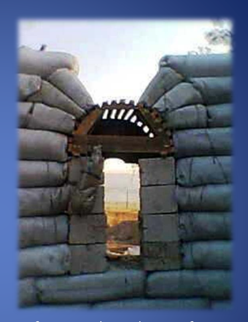
2. Before we place the arc form, we removed the center blocks so that it would be easier to un-locked the whole thing when ready.
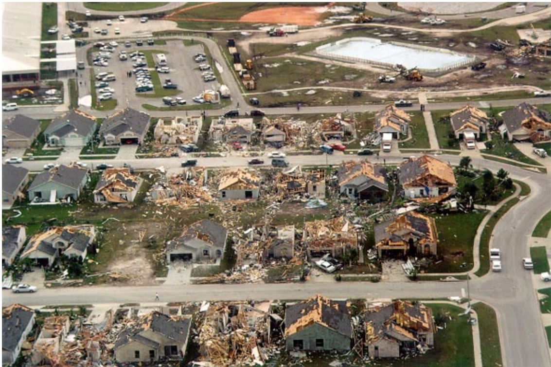
Aerial view of damage to homes in Lakeside subdivision in Kissimmee, Florida. The tornado moved from the upper right to the lower left, narrowly missing a school.
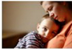
Referrals to Crisis Counseling
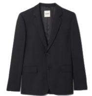
SHPVE00821 H23LEGACY GRIS FONCÉ 475€ / 319€ €469 / €314
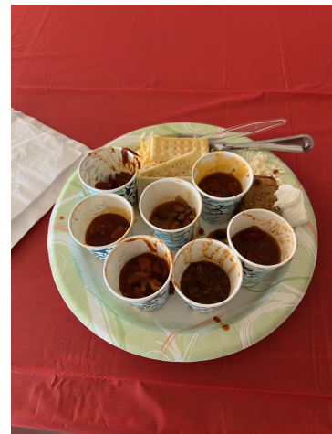
Their all good! ^
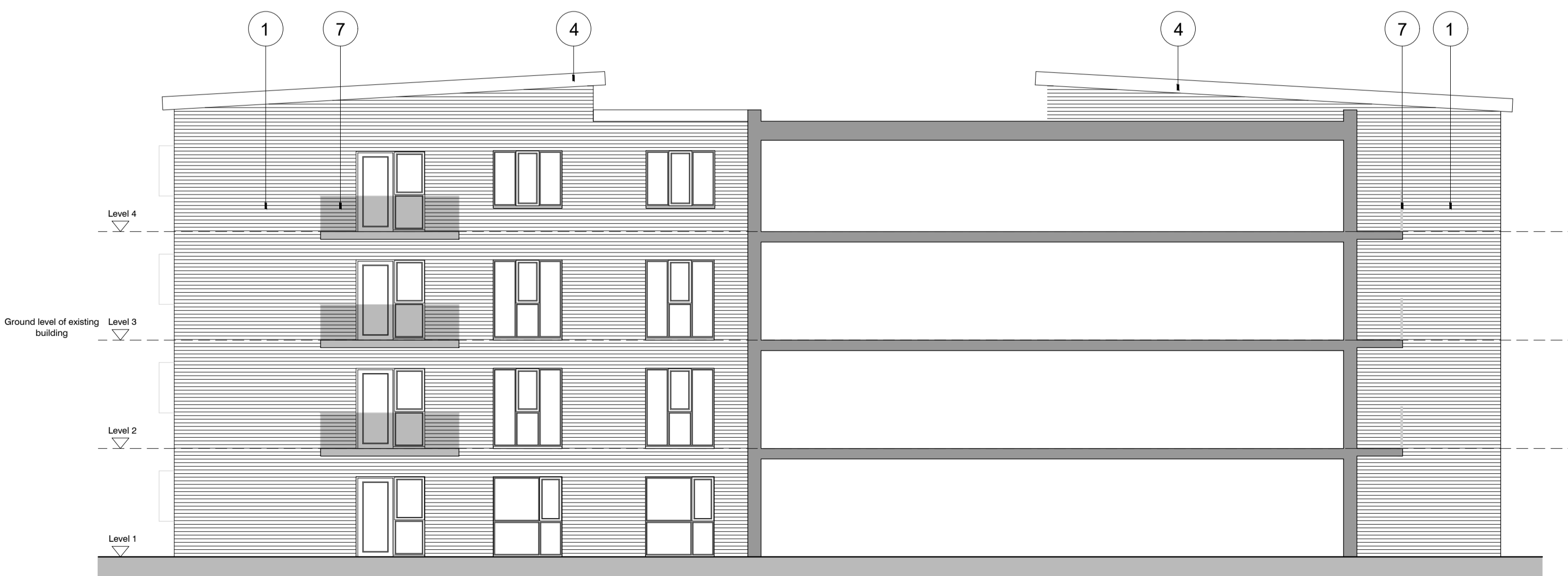
PROPOSED 4-4 NORTH WEST ELEVATION

(What you need to do):
Copy out every line above, word for word, minus images.

(Task output):
2. Before we place the arc form, we removed the center blocks so that it would be easier to un-locked the whole thing when ready.
Aerial view of damage to homes in Lakeside subdivision in Kissimmee, Florida. The tornado moved from the upper right to the lower left, narrowly missing a school.
Referrals to Crisis Counseling
SHPVE00821 H23LEGACY GRIS FONCÉ 475€ / 319€ €469 / €314
Their all good! ^
PROPOSED 4-4 NORTH WEST ELEVATION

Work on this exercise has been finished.